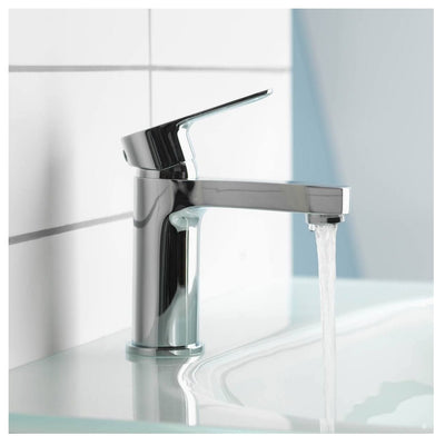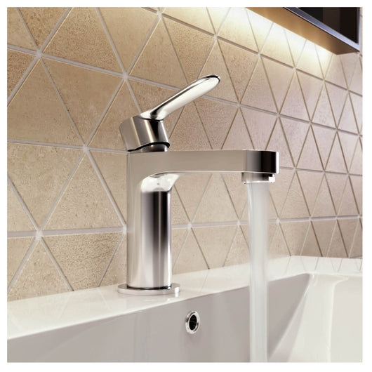 The large Central Basin Mixer Tap offers a compact; high-performance basin tap option in a stylish and contemporary design. The single soft rounded paddle lever allows you to find your desired temperature with ease; and this bathroom sink tap comes complete with an aerator for softer; non-splash flow and an elegant metal click clack plug. Suitable for low- and high-pressure water systems; Aqualisa Central taps feature a solid brass body with durable zinc handles offering a fantastic contemporary look within the bathroom.
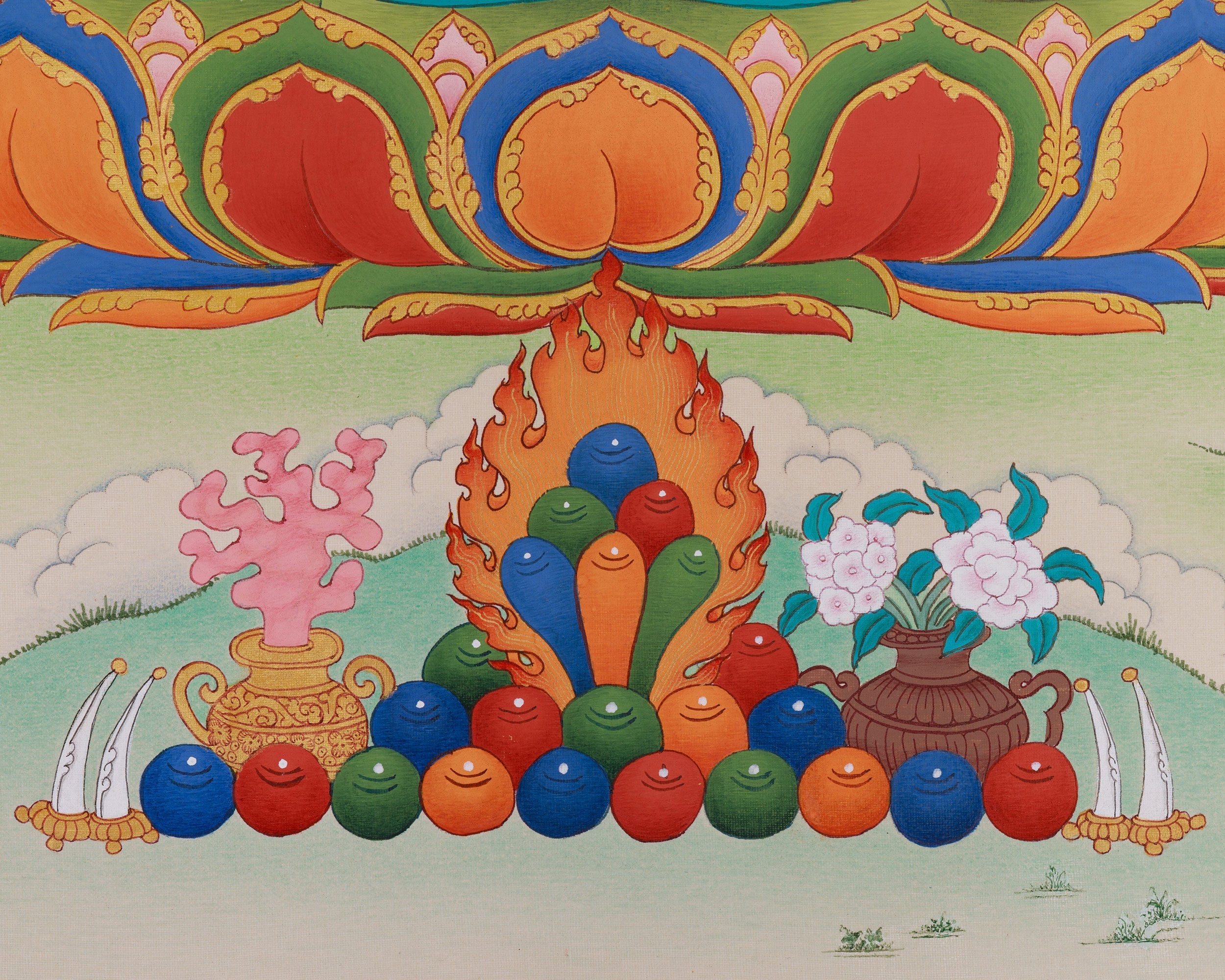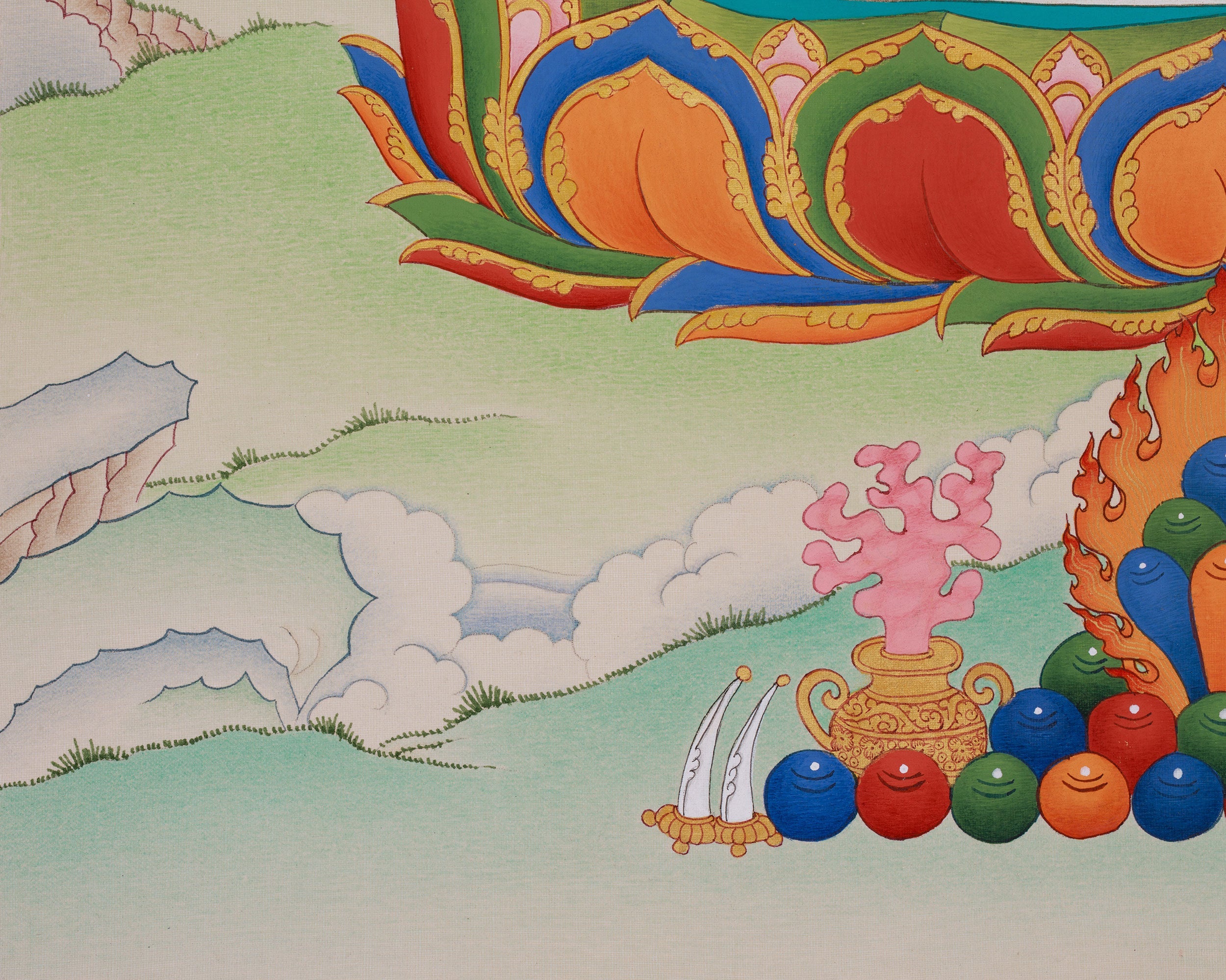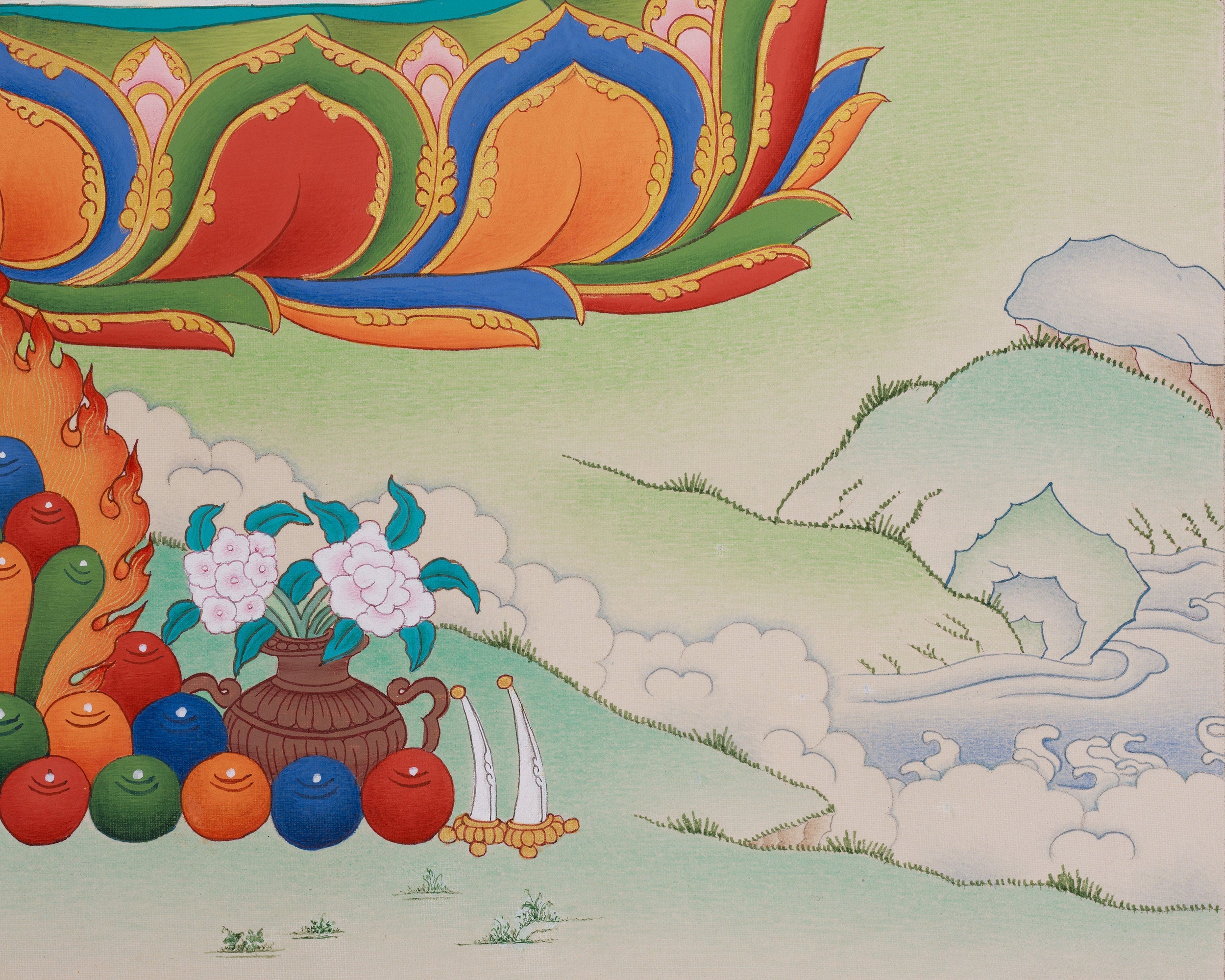 HAND-PAINTED WITH NATURAL LHASA STONE COLOR AND GENUINE 24K GOLD IN TRADITIONAL KARMA GADRI STYLE
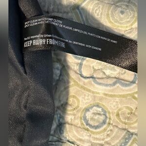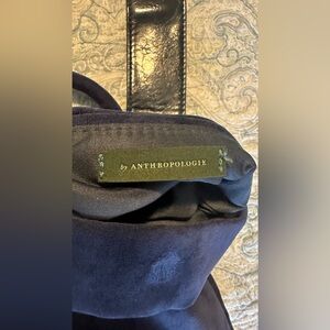 By Anthropologie . This bag is made of vegan leather and microsuede. Very beautiful blue color! One slip pocket; one zip pocket on the inside. Foldover closure. Removable guitar style strap so you can use the bag as an evening bag with the ring as the handle. Goes perfectly with a boho / bohemian chic outfit.
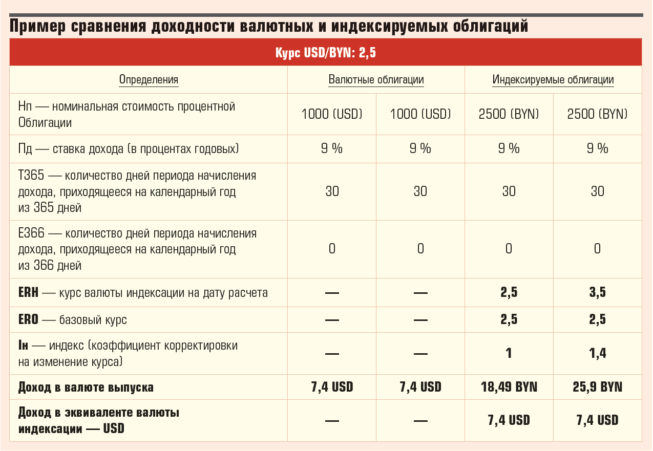 Индексируемые облигации выпускаются в белорусских рублях. Только этим они и отличаются от валютных, где валюта эмиссии иностранная. Однако если влияющий показатель индексируемой облигации – доллар, то в конце обращения инвестор получит такое количество рублей, которое соответствует величине его долларовых вложений в начале обращения облигации. Доходность также считается с коррекцией на изменение курса.

========================

(WORK REQUEST)
Could you output the entire listing verbatim while omitting its pictures?

(RESULT)
 The large Central Basin Mixer Tap offers a compact; high-performance basin tap option in a stylish and contemporary design. The single soft rounded paddle lever allows you to find your desired temperature with ease; and this bathroom sink tap comes complete with an aerator for softer; non-splash flow and an elegant metal click clack plug. Suitable for low- and high-pressure water systems; Aqualisa Central taps feature a solid brass body with durable zinc handles offering a fantastic contemporary look within the bathroom.
 HAND-PAINTED WITH NATURAL LHASA STONE COLOR AND GENUINE 24K GOLD IN TRADITIONAL KARMA GADRI STYLE
 By Anthropologie . This bag is made of vegan leather and microsuede. Very beautiful blue color! One slip pocket; one zip pocket on the inside. Foldover closure. Removable guitar style strap so you can use the bag as an evening bag with the ring as the handle. Goes perfectly with a boho / bohemian chic outfit.
 Индексируемые облигации выпускаются в белорусских рублях. Только этим они и отличаются от валютных, где валюта эмиссии иностранная. Однако если влияющий показатель индексируемой облигации – доллар, то в конце обращения инвестор получит такое количество рублей, которое соответствует величине его долларовых вложений в начале обращения облигации. Доходность также считается с коррекцией на изменение курса.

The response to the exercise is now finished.